20110530_AC

Source: SACPOP (Vimeo)

URL: http://vimeo.com/73536828

Date: 30/05/2011

Event: All Watched Over By Machines of Loving Grace: 2: The Use and Abuse of Vegetational Concepts

Attribution: Adam Curtis

People:

    • Peder Anker: Historian of Ecology
  • Adam Curtis: Film maker
  • Jeff Rulifson: Computer engineer

[Caption: "THIS IS A STORY ABOUT THE RISE OF THE MACHINES... AND OUR BELIEF IN THE BALANCE OF NATURE... HOW THE IDEA OF THE ECOSYSTEM WAS INVENTED... HOW IT INSPIRED US... AND HOW IT WASN'T EVEN TRUE".]

Adam Curtis: In the mass democracies of the West, a new ideology has risen up. We have come to believe that the old hierarchies of power can be replaced by self-organising networks. From internet utopianism to the global economic system, and above all, the ecosystems of the natural world, today we dream of systems that can balance and stabilise themselves, without the intervention of authoritarian power.

But, in reality, this is the dream of the machines. It reflects how they are organised. It has nothing to do with nature. And as a model for human society and for politics, it is wholly inadequate, in the face of the powerful, dynamic forces that really dominate the world today. This is the story of the rise of the dream of the self-organising system, and the strange, machine fantasy of nature that underpins it.

[Caption: "THE USE AND ABUSE OF VEGETATIONAL CONCEPTS".]

[Clip from the "Mother of All Demos" ("MoAD"), a presentation by Doug Englebart and the staff of SRI's Augmenting Human Intellect group at the Fall Joint Computer Conference on December 8, 1968.]

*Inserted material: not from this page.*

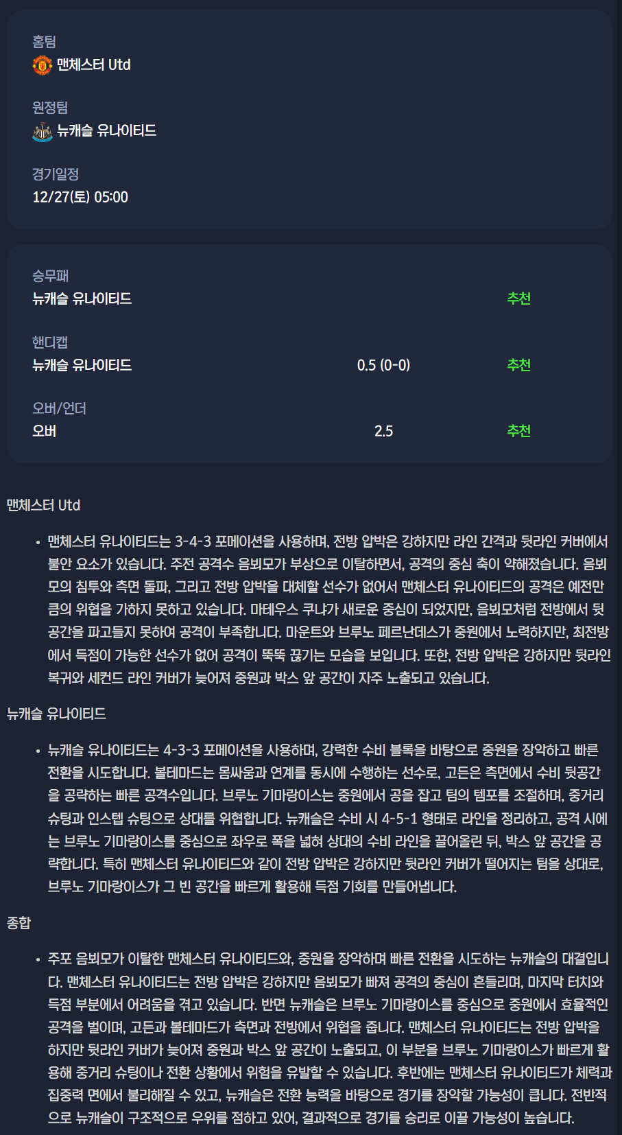 2025년 12월 27일 EPL 분석자료 / 축구분석
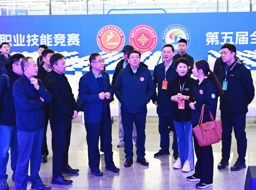 刘江毅一行随后前往制图员、人工智能训练师、家具设计师、陶瓷产品设计师四大赛项比赛场馆,查看赛项设置、设备布置、选手信息等情况,与各赛项裁判长进行深入交流,详细了解赛事规模、流程安排、评分规则及后续改进建议。他指出,未来需持续完善赛题设计,增强竞赛内容的专业深度与赛程组织的规范程度,要加快推动竞赛成果向市场转化,从而为轻工行业培养、输送更多高水平技能人才。

Jeff Rulifson: The MOL is a, in a sense it's a high level language ... It's also very very close to machine language, 940 machine language. People talk about the actual registers of the machine and you talk about doing indirect addressing...

[Caption: "London at the height of the British Empire. Or so they thought".]

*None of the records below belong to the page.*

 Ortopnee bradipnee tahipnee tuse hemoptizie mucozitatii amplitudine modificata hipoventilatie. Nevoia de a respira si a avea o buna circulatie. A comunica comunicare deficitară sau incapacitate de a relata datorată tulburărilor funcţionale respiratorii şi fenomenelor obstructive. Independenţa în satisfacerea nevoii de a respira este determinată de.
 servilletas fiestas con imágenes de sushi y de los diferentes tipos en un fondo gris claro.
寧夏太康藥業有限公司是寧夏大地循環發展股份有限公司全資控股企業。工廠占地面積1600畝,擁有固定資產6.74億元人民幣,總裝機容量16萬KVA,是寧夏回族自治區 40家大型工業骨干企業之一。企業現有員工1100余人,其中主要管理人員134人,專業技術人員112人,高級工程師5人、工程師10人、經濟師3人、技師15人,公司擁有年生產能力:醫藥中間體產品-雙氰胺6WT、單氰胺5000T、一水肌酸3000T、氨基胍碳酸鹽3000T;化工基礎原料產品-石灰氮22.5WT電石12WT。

Adam Curtis: At the end of the First World War, a young biologist called Arthur Tansley had a frightening dream. He dreamt he was in an African village. The natives started to come towards him. Then his wife appeared. He picked up a rifle, aimed it at her and pulled the trigger. Tansley wanted to know what the dream meant, so he started to study the ideas of Sigmund Freud, and he became fascinated.

And in 1922 he even went to Vienna, to be analysed by Freud himself. What caught Tansley's imagination was an obscure part of Freud's theory that said that the human brain was actually an electrical machine. But the sense data, that came in through the eyes and the ears created bursts of energy that flowed around networks inside the brain, just like electrical circuits.

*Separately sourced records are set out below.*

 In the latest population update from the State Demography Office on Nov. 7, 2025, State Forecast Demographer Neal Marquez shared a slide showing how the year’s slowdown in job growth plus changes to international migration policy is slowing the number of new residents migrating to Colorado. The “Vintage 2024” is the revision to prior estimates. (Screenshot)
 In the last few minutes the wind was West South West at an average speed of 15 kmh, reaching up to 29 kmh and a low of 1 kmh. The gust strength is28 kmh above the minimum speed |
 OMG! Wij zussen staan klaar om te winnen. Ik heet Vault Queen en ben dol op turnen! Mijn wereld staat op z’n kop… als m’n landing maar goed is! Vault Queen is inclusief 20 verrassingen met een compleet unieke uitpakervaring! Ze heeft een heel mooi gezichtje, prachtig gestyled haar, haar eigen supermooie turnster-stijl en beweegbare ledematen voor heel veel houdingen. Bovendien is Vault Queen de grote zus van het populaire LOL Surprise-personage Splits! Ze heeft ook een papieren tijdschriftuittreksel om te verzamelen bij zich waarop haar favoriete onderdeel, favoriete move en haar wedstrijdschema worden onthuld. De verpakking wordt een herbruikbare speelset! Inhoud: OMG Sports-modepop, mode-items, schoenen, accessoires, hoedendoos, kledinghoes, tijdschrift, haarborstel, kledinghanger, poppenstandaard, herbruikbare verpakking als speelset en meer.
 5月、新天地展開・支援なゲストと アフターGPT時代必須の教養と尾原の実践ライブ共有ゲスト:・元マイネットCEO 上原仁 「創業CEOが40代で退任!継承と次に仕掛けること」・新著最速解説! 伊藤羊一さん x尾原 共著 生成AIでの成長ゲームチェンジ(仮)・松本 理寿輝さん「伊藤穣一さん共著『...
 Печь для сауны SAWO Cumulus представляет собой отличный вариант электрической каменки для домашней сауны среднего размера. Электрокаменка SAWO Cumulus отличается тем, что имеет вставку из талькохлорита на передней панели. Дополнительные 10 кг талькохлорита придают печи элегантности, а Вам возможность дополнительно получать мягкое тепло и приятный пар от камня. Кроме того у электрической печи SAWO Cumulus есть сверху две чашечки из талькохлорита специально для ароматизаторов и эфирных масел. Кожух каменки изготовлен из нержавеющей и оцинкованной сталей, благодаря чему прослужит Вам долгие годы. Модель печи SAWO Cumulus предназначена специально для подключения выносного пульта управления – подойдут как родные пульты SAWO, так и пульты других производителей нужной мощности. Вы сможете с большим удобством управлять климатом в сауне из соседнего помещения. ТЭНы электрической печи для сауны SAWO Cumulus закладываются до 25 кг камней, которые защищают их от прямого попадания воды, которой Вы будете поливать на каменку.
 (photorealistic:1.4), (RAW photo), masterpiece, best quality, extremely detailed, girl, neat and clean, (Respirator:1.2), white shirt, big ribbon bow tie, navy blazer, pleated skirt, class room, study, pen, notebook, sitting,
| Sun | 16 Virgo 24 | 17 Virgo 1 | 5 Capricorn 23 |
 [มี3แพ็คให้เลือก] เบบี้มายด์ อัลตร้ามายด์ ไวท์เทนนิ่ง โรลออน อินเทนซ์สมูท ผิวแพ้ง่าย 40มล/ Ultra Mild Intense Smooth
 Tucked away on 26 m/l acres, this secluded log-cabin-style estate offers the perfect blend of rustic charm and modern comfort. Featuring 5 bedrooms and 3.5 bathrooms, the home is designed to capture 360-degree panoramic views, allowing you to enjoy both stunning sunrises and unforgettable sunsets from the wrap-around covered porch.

Tansley was fascinated by this. And he made an extraordinary conceptual leap. He decided that he could take this model of the mind and apply it to the whole of the natural world. He became convinced that underneath the complexity of nature were systems, vast interconnected circuits that linked all animals and plants, through which energy flowed. He invented a name for them - he called them "ecosystems".

Peder Anker: Tansley's idea of the mind was that of networks - see, you have energy going through tubes into a new sort of [explosive sound] explosion, then to a new tube [explosive sound] explosion, and the way to create this explosion would be sense perception. So these energy tubes would go out of the motor mechanism of the mind, creating a network, a system within the mind. Now this he would just transfer - one to one, almost - into his description of the natural environment, in which energy between species and a moment [?] of species, would constitute a system, an ecosystem, of energy flowing between these different species. So the grasshopper eating the grass will then be energy transforming through the tube into the [dung?], where the beetle would do his or her job.

Adam Curtis: It's a very mechanical idea.

Peder Anker: It's very mechanical indeed.

Adam Curtis: But Tansley went much further. He said that if these ecosystems were disturbed, they would always try and return to an original balanced state.